O Poder Judiciário de São Paulo ordenou a exumação do cadáver da soldado da Polícia Militar Gisele Alves Santana, de 32 anos. Ela foi achada sem vida, com um disparo na cabeça, em seu domicílio no bairro do Brás, região central da capital paulista, onde residia com o esposo.
Essa providência foi solicitada pela Polícia Civil e pelo Ministério Público de São Paulo, ambos empenhados em elucidar os detalhes do falecimento da agente. A remoção dos despojos será executada pelo Instituto Médico Legal (IML) da Polícia Técnico-Científica, e uma nova análise pericial está prevista para ter início já neste fim de semana.
Os achados dos exames serão, em momento oportuno, remetidos ao 8º Distrito Policial do Brás, a unidade encarregada da apuração, que classifica o ocorrido como um caso de morte sob suspeita.
A princípio, a ocorrência havia sido catalogada como suicídio. Contudo, os familiares da policial questionaram essa narrativa e informaram aos responsáveis pela investigação que Gisele era vítima de violência psicológica perpetrada por seu cônjuge, o tenente-coronel da Polícia Militar Geraldo Leite Rosa Neto, de 53 anos.
Conforme o testemunho do oficial à corporação, o casal teria tido um desentendimento após ele manifestar o desejo de se divorciar. Ele narrou que, ao sair do banho, ouviu um tiro aproximadamente um minuto depois. Ao retornar ao ambiente, declarou ter encontrado a companheira prostrada na sala, com um ferimento na cabeça e empunhando uma arma que seria de sua propriedade.
Análises forenses efetuadas no imóvel levantaram questionamentos acerca dessa versão. Peritos da Polícia Técnico-Científica de São Paulo detectaram, com o auxílio de luminol, traços de sangue não identificados no interior do box do banheiro, local onde o coronel afirmou estar quando o tiro foi disparado.

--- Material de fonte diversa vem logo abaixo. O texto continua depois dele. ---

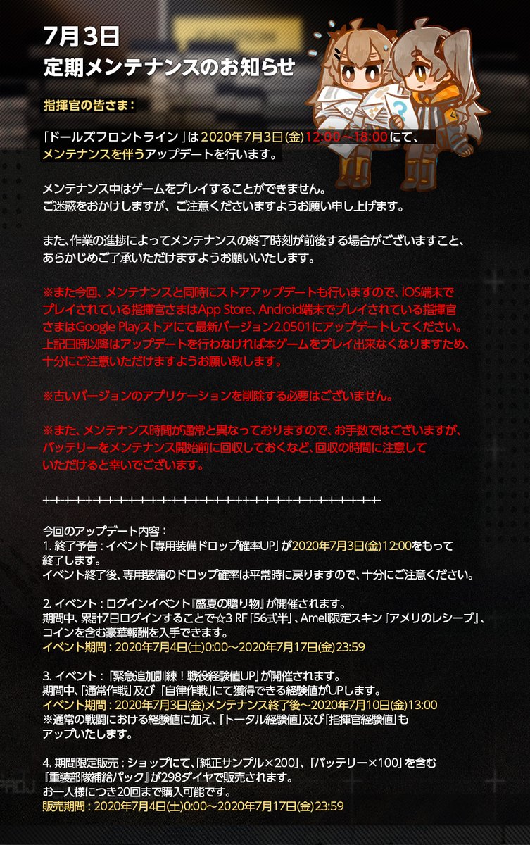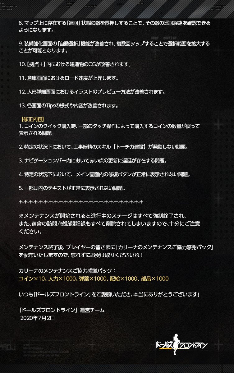 メンテナンス終了後、指揮官の皆さまに「資源4種×2000、コイン×20」を送らせていただきます。

O parecer necroscópico indicou, ainda, que o projétil que ceifou a vida de Gisele foi disparado com o cano da arma em contato com o lado direito de sua cabeça. Adicionalmente, o teste residuográfico, que busca por resíduos de pólvora, apresentou resultado negativo tanto nas mãos da soldado quanto nas do esposo.
Em vista das disparidades e dos questionamentos surgidos durante a apuração, a exumação foi requerida para viabilizar a realização de novas perícias, as quais poderão lançar luz sobre as circunstâncias da morte da agente.
O par convivia desde 2024, e a filha de Gisele, de sete anos, residia com eles, mas não se encontrava no apartamento no instante do disparo. Apesar dos indícios, o tenente-coronel não é, até o momento, formalmente considerado um investigado no caso.